Thursday, August 15, 2013

Creating Digital Word Walls

This summer I had the opportunity to hear educator Kelly Gallagher present.  He really got me thinking when he talked about our responsibility to "elevate word poverty."  We know that words have tremendous power, and are often a gateway to student success in many of our classes.  There are many strategies we can use, but I want to talk here about the strategy of word walls.    

Many teachers use word walls to build student vocabulary.  Robert Marzano in Building Background Knowledge for Academic Achievement describes a word wall as an "ongoing, organized display of key words that provides visual reference for students throughout a unit of study or a term."  Word walls are a powerful way to reinforce the repetition necessary to build student vocabulary, and they provide a visual for vocabulary development.

A strategy worth considering is challenging your students to create digital word walls.  Using a tool like Padlet provides an opportunity for the "wall" to go anywhere with the student.  That visual is now mobile!  

I've included a short example of how you might use Padlet to create a word wall.  I used some geometry terms in this particular case, but you could do this with vocabulary from any content area.  As students build word walls, challenge them to play with the words.  Here are some different ways students can construct meaning: 

  • Associate images
  • Create analogies
  • Write definitions in their own words and then compare with the formal definition
  • Generate examples and non-examples
  • Create word shapes
  • Break down the meaning of roots, prefixes, and suffixes
I've illustrated some of these methods in the example below.  Scroll the padlet to see several word examples. 
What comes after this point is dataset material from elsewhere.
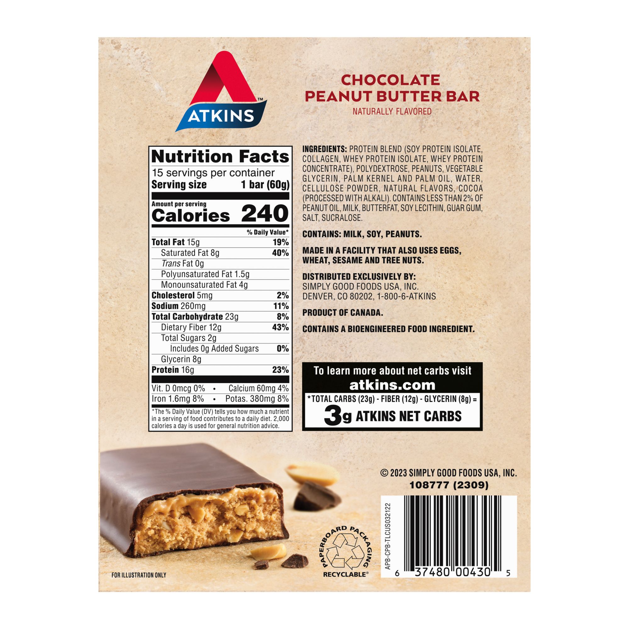 Atkins Meal Bar Chocolate Peanut Butter, 16g Protein, 15 ct.

The power of the digital word wall is in the ability to personalize, collaborate, and reinforce or add to the wall anywhere and anytime!  Padlet walls can be shared spaces.  Would you want your entire class to collaborate on one word wall or would you want small groups to create word walls?  Perhaps a few students from your 3rd hour and 4th hour collaborate and construct meaning together in a virtual space.  Through the technology, their learning isn't restricted to your classroom.  Or would you want each student to create an individual word wall?  There are a variety of options!

Watch this video tutorial for a quick demo on creating a Padlet wall.




Marzano, Robert J. Building Background Knowledge for Academic Achievement: Research on What Works in Schools. Alexandria, VA: Association for Supervision and Curriculum Development, 2004. Print.